Janus looked at her hard after she said that, but she remained stone faced. He nodded slowly, obviously considering something deeply. “Well, I think you’ve had enough for the day,” he said after a quick gr
imace.
He then left the room, and Carmen followed close behind. They walked in silence as usual, but Janus seemed a bit different. He took an increased interest in her, glancing in her direction every now and then. She didn’t know what he was looking for, but it couldn’t have been anything good, knowing him.

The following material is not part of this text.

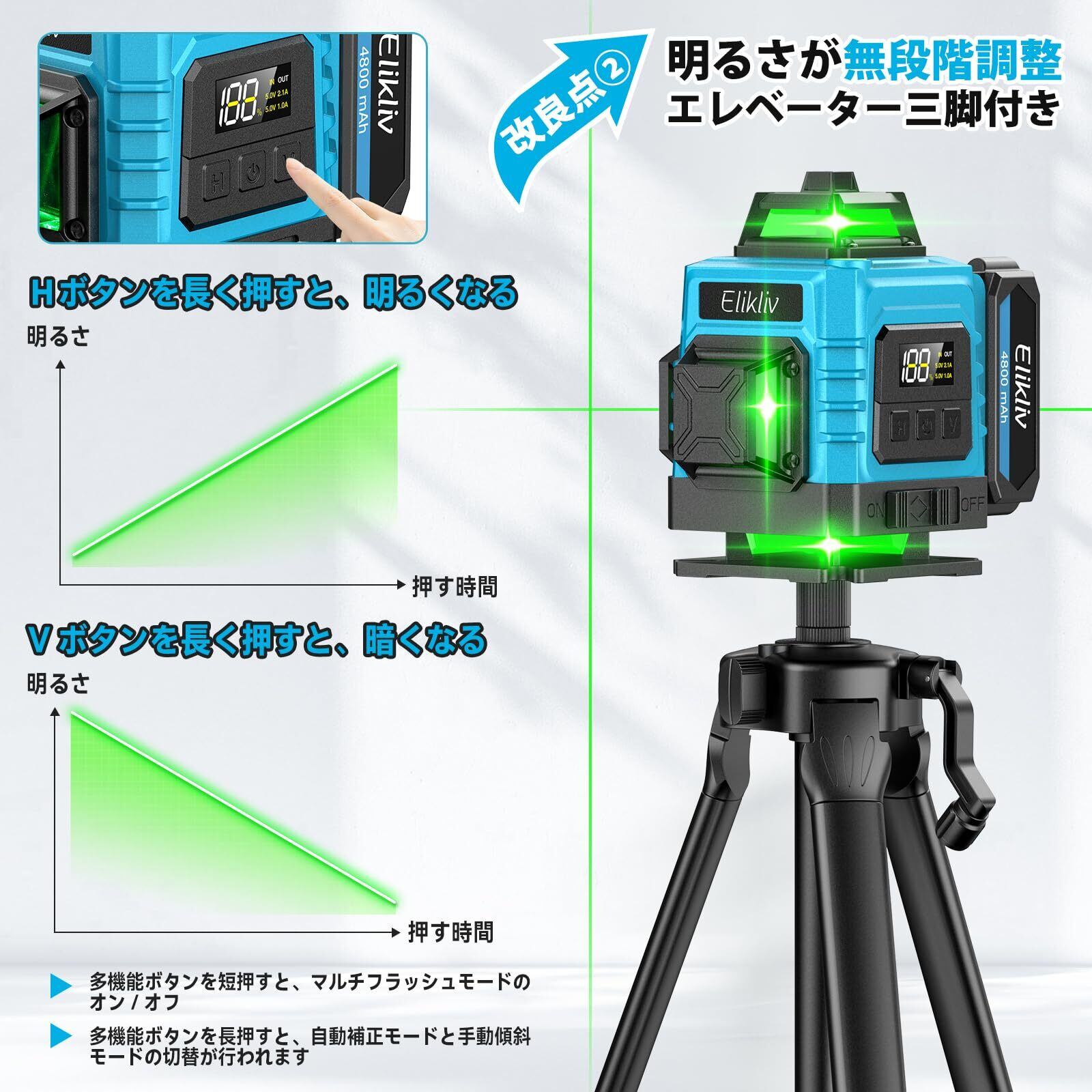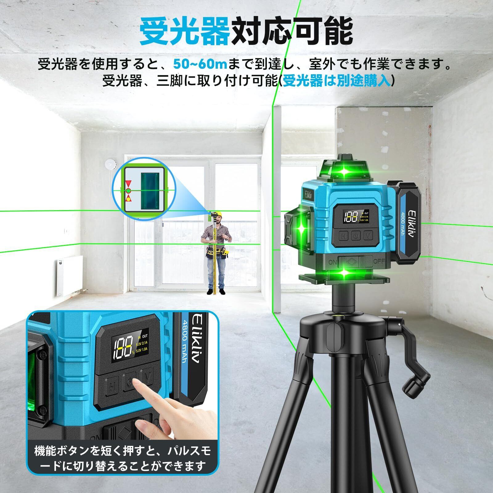 【2025年新登場】 Elikliv レーザー墨出し器 グリーンレーザー 16ライン 4x360°フルライン 水平器 レーザーレベル 水準器 メタル360°回転ベース LCDバッテリー残量表示機能 自動補正 高輝度・高精度 受光器対応 軽天・内装作業 DIY 測量・建築用 リモコン付き 大容量バッテリー2個&三脚セット

After entering an elevator, they exited on the dormitory floor, as expected. They reached Carmen’s room soon enough, and Janus opened the door. Mikayla leaped on her as soon as she could fit through, which was also typical. The German shepherd was as big as she was now.
“Down,” she said harshly, pushing the dog to the ground. Mikayla whimpered.
“I’ll come for you in the morning.”
Carmen nodded, and the door closed. After a brief pause, she undid the tie in her hair and let it fall free. She then sat down and called Mikayla to her. She hugged the dog tight, as she often did at the end of her day. Her friend knew the routine, giving a sympathetic whimper and resting her head on Carmen’s shoulder. The dog was always there for her, for however long she needed. Today was one day…it was every day. She was sure she would not remember it.
6
Edge
Subject: 111724 Age: 12 Status: Naming
Janus had no particular like or dislike for most of his coworkers. They tried to make the most out of a job that was unfortunately as gruesome as it was necessary. The majority of the personnel who weren’t Clairvoyants had wives, husbands, kids, or pets and could even be called good people, despite everything they did here. Janus wasn’t sure where he fell in that measure, but most of the people he knew here were inoffensive. That most certainly wasn’t all of them, though, and it always amazed him how they seemed to sniff him out.
“Everybody wonders,” one of the dolts began. “Even you have to wonder, Janus. 111720 or 111724?”